- **ACTIVITY**: All lines from the one that has "and wind noise." onward to the end of the records below are to be returned exactly; pictures are to be skipped.

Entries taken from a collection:
>>

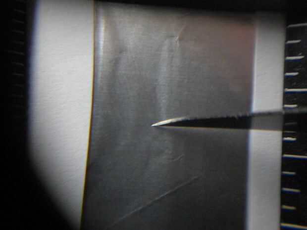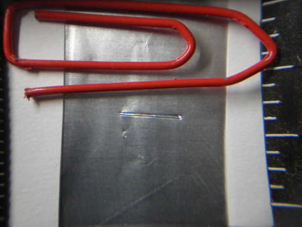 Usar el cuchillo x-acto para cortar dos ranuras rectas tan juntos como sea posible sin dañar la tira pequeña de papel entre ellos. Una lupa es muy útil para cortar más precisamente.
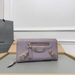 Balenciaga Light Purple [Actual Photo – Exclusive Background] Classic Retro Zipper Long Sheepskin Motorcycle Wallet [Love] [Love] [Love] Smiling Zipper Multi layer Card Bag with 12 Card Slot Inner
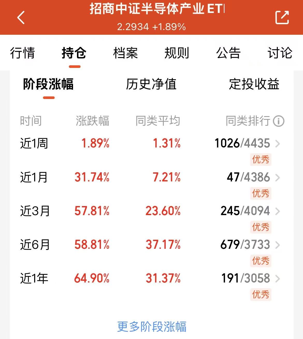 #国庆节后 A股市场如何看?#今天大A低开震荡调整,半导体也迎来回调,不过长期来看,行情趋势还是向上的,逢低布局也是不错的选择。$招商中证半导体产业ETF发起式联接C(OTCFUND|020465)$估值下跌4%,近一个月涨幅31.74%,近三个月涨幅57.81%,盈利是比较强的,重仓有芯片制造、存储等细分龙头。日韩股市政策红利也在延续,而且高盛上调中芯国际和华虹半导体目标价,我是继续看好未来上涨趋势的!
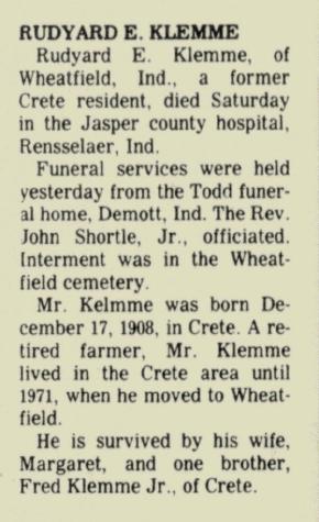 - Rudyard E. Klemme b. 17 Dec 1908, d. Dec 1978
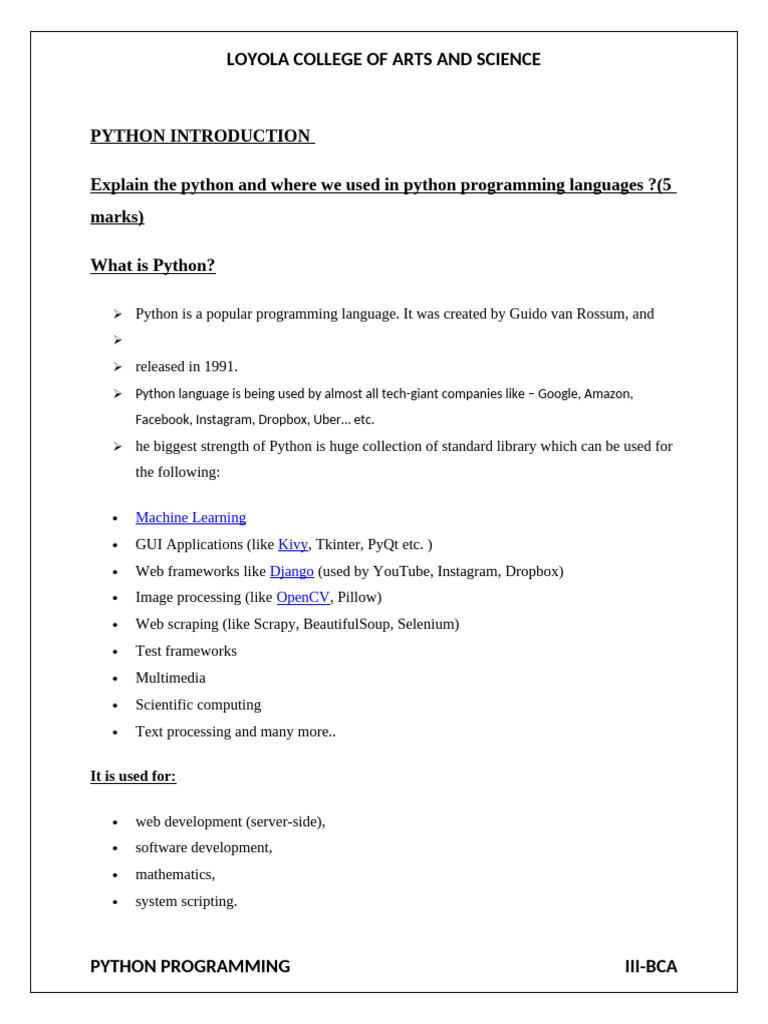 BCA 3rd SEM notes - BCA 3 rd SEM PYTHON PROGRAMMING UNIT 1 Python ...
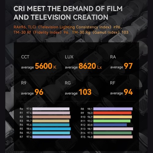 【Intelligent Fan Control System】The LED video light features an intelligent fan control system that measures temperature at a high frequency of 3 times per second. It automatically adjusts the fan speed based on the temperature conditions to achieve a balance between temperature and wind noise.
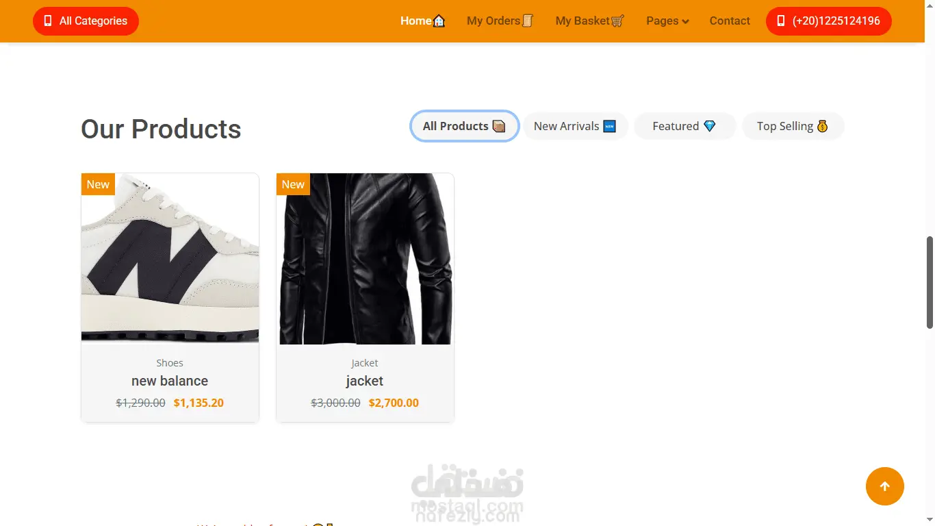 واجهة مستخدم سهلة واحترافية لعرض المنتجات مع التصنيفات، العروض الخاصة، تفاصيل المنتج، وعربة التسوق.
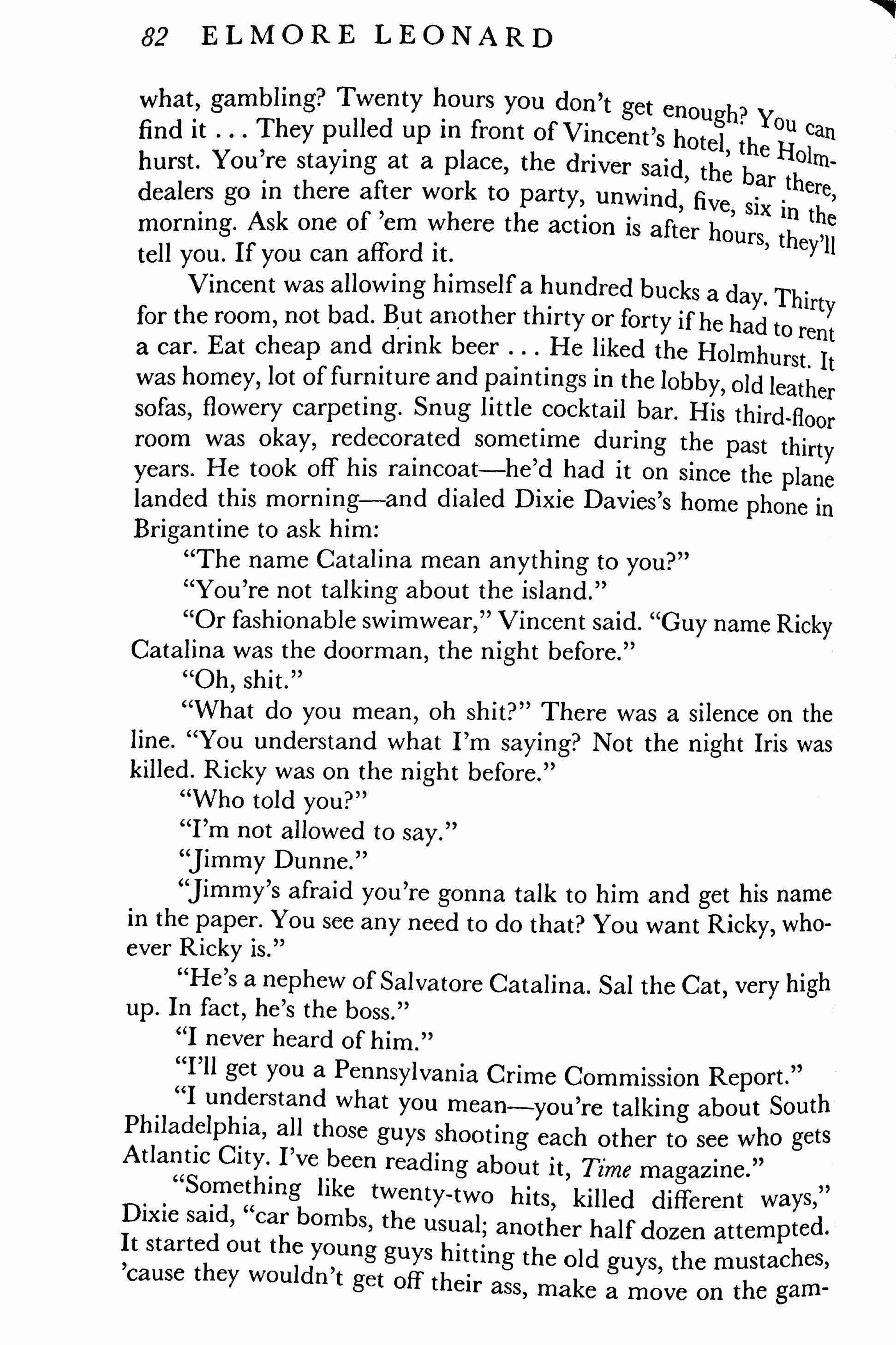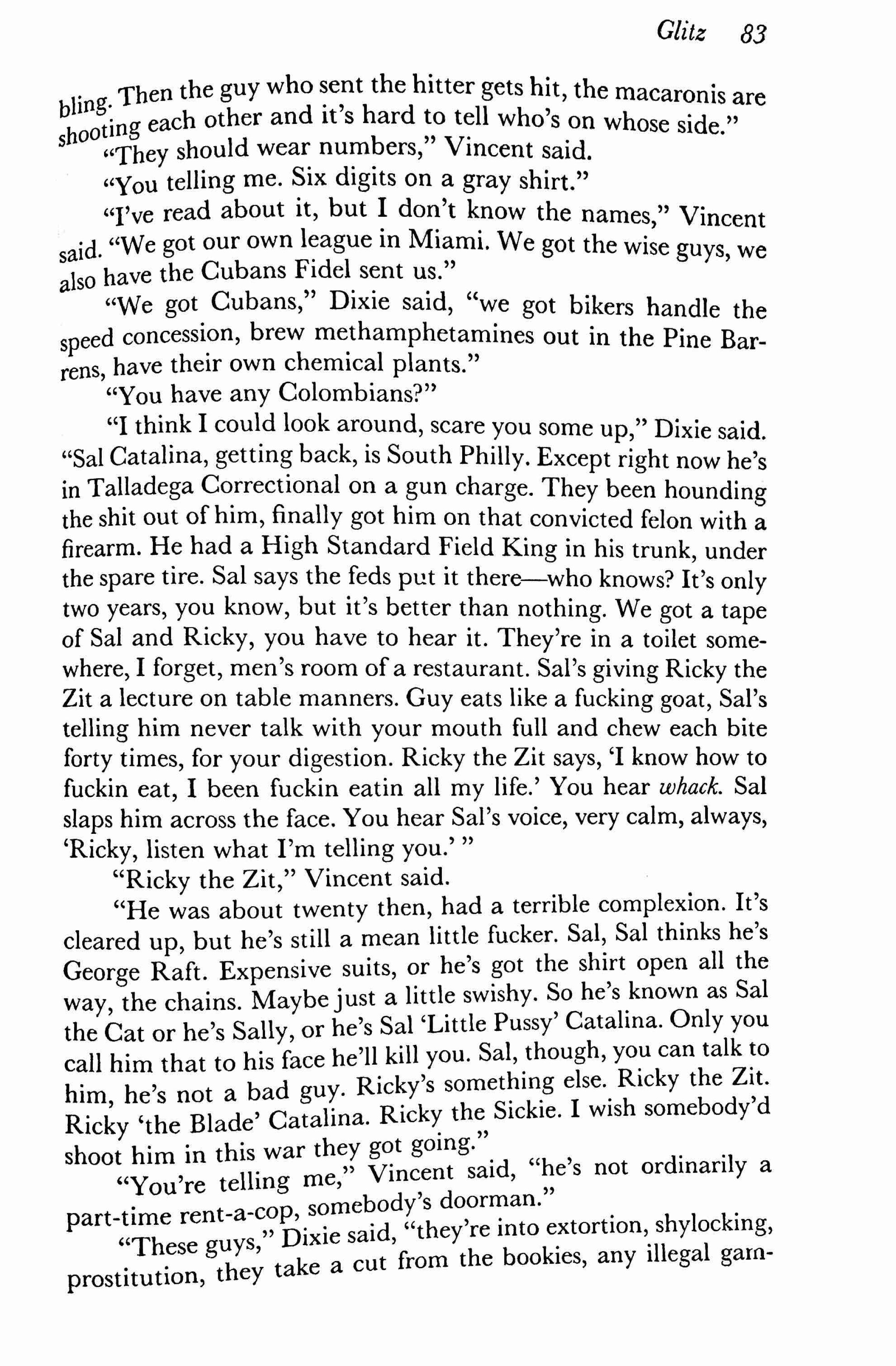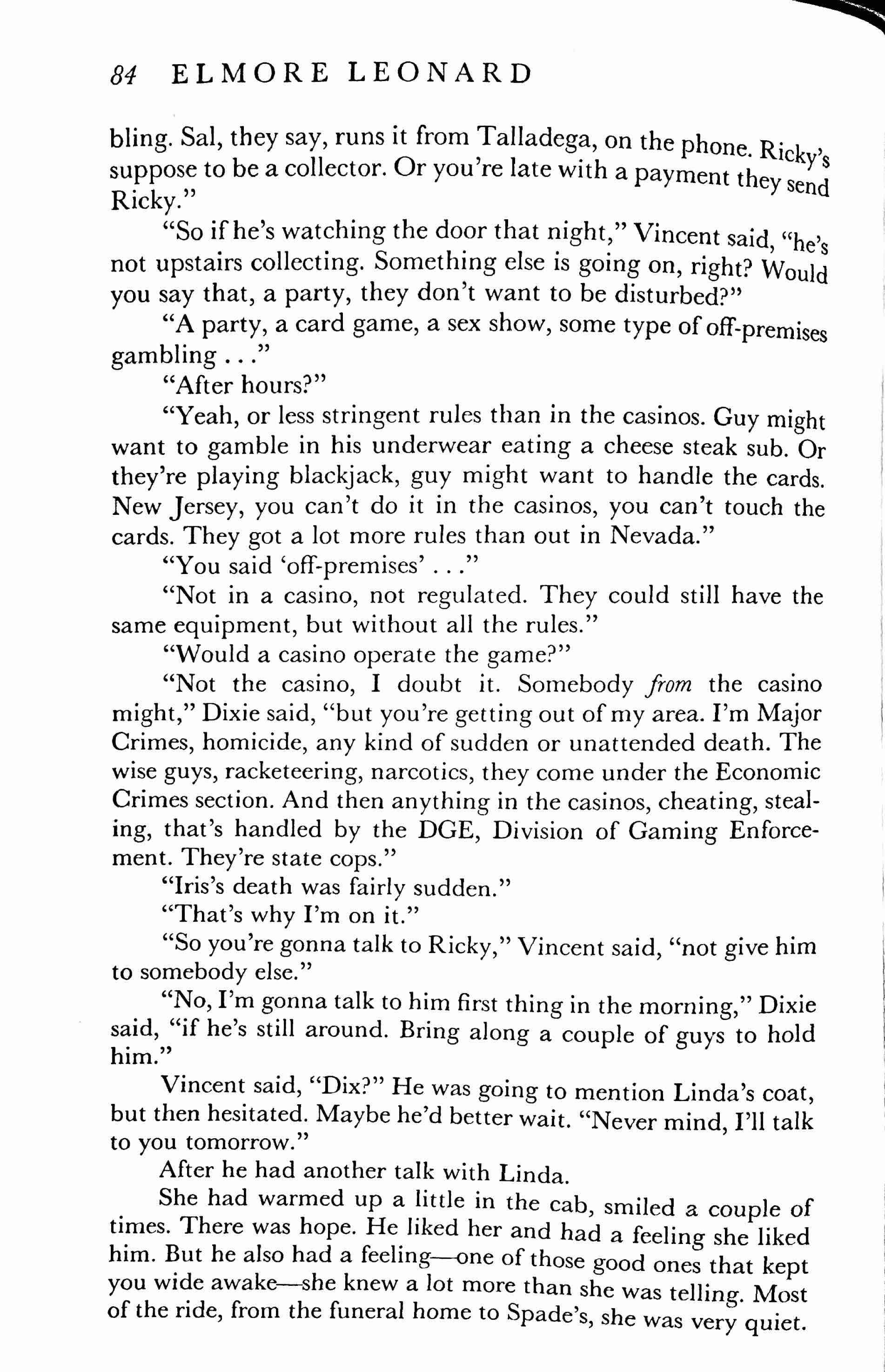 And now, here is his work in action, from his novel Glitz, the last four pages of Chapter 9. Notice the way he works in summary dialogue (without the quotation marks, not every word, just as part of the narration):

<<

- **ANSWER BOX**:
 【Intelligent Fan Control System】The LED video light features an intelligent fan control system that measures temperature at a high frequency of 3 times per second. It automatically adjusts the fan speed based on the temperature conditions to achieve a balance between temperature and wind noise.
 واجهة مستخدم سهلة واحترافية لعرض المنتجات مع التصنيفات، العروض الخاصة، تفاصيل المنتج، وعربة التسوق.
 And now, here is his work in action, from his novel Glitz, the last four pages of Chapter 9. Notice the way he works in summary dialogue (without the quotation marks, not every word, just as part of the narration):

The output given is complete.